::: DATA EXCERPTS :::

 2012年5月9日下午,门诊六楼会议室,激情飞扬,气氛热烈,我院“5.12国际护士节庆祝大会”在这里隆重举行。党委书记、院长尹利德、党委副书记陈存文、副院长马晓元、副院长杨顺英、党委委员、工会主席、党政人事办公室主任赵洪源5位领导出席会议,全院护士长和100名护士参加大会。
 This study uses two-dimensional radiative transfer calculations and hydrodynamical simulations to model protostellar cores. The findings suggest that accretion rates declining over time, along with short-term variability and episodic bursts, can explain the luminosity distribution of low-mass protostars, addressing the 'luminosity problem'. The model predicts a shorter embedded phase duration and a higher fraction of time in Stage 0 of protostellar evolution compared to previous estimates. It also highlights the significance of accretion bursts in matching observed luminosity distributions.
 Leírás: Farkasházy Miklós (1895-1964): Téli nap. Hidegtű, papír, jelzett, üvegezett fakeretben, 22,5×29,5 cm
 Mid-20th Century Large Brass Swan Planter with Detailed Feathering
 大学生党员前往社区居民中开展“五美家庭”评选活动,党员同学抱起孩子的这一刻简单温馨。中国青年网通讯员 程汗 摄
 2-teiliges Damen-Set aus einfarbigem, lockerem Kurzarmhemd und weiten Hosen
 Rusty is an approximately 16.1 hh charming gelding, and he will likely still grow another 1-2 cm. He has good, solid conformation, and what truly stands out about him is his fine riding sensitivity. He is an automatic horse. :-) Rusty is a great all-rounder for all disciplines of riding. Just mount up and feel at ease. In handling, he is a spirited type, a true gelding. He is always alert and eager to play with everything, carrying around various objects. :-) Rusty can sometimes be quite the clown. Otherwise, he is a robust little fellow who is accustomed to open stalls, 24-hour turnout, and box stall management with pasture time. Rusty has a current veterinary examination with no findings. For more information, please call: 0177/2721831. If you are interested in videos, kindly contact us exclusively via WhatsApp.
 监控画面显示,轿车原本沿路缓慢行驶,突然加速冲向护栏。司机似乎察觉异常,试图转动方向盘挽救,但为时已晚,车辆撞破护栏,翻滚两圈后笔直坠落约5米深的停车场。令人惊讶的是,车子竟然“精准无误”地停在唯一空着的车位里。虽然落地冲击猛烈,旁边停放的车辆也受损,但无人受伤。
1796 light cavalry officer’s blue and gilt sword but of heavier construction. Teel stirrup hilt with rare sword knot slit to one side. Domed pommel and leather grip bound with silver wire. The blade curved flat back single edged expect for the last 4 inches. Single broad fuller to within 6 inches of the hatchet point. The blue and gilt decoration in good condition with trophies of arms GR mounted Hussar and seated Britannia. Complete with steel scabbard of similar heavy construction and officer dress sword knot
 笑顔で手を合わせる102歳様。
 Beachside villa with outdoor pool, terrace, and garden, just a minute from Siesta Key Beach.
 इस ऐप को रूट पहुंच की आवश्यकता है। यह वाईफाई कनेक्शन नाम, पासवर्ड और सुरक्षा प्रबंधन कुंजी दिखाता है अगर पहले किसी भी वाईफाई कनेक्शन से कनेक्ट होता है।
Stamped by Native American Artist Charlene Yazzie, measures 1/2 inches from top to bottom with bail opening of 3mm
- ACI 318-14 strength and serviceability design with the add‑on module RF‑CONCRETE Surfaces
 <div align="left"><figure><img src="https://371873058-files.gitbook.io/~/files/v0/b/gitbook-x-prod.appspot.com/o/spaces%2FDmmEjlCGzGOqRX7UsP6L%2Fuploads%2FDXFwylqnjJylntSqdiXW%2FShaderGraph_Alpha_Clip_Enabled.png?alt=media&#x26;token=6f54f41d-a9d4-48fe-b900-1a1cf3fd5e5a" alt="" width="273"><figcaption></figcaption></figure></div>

:::

• HOW TO COMPLETE THIS TASK
Restate the data above in full, keeping every word as it is.

• EXPECTED ANSWER
 2012年5月9日下午,门诊六楼会议室,激情飞扬,气氛热烈,我院“5.12国际护士节庆祝大会”在这里隆重举行。党委书记、院长尹利德、党委副书记陈存文、副院长马晓元、副院长杨顺英、党委委员、工会主席、党政人事办公室主任赵洪源5位领导出席会议,全院护士长和100名护士参加大会。
 This study uses two-dimensional radiative transfer calculations and hydrodynamical simulations to model protostellar cores. The findings suggest that accretion rates declining over time, along with short-term variability and episodic bursts, can explain the luminosity distribution of low-mass protostars, addressing the 'luminosity problem'. The model predicts a shorter embedded phase duration and a higher fraction of time in Stage 0 of protostellar evolution compared to previous estimates. It also highlights the significance of accretion bursts in matching observed luminosity distributions.
 Leírás: Farkasházy Miklós (1895-1964): Téli nap. Hidegtű, papír, jelzett, üvegezett fakeretben, 22,5×29,5 cm
 Mid-20th Century Large Brass Swan Planter with Detailed Feathering
 大学生党员前往社区居民中开展“五美家庭”评选活动,党员同学抱起孩子的这一刻简单温馨。中国青年网通讯员 程汗 摄
 2-teiliges Damen-Set aus einfarbigem, lockerem Kurzarmhemd und weiten Hosen
 Rusty is an approximately 16.1 hh charming gelding, and he will likely still grow another 1-2 cm. He has good, solid conformation, and what truly stands out about him is his fine riding sensitivity. He is an automatic horse. :-) Rusty is a great all-rounder for all disciplines of riding. Just mount up and feel at ease. In handling, he is a spirited type, a true gelding. He is always alert and eager to play with everything, carrying around various objects. :-) Rusty can sometimes be quite the clown. Otherwise, he is a robust little fellow who is accustomed to open stalls, 24-hour turnout, and box stall management with pasture time. Rusty has a current veterinary examination with no findings. For more information, please call: 0177/2721831. If you are interested in videos, kindly contact us exclusively via WhatsApp.
 监控画面显示,轿车原本沿路缓慢行驶,突然加速冲向护栏。司机似乎察觉异常,试图转动方向盘挽救,但为时已晚,车辆撞破护栏,翻滚两圈后笔直坠落约5米深的停车场。令人惊讶的是,车子竟然“精准无误”地停在唯一空着的车位里。虽然落地冲击猛烈,旁边停放的车辆也受损,但无人受伤。
1796 light cavalry officer’s blue and gilt sword but of heavier construction. Teel stirrup hilt with rare sword knot slit to one side. Domed pommel and leather grip bound with silver wire. The blade curved flat back single edged expect for the last 4 inches. Single broad fuller to within 6 inches of the hatchet point. The blue and gilt decoration in good condition with trophies of arms GR mounted Hussar and seated Britannia. Complete with steel scabbard of similar heavy construction and officer dress sword knot
 笑顔で手を合わせる102歳様。
 Beachside villa with outdoor pool, terrace, and garden, just a minute from Siesta Key Beach.
 इस ऐप को रूट पहुंच की आवश्यकता है। यह वाईफाई कनेक्शन नाम, पासवर्ड और सुरक्षा प्रबंधन कुंजी दिखाता है अगर पहले किसी भी वाईफाई कनेक्शन से कनेक्ट होता है।
Stamped by Native American Artist Charlene Yazzie, measures 1/2 inches from top to bottom with bail opening of 3mm
- ACI 318-14 strength and serviceability design with the add‑on module RF‑CONCRETE Surfaces
 <div align="left"><figure><img src="https://371873058-files.gitbook.io/~/files/v0/b/gitbook-x-prod.appspot.com/o/spaces%2FDmmEjlCGzGOqRX7UsP6L%2Fuploads%2FDXFwylqnjJylntSqdiXW%2FShaderGraph_Alpha_Clip_Enabled.png?alt=media&#x26;token=6f54f41d-a9d4-48fe-b900-1a1cf3fd5e5a" alt="" width="273"><figcaption></figcaption></figure></div>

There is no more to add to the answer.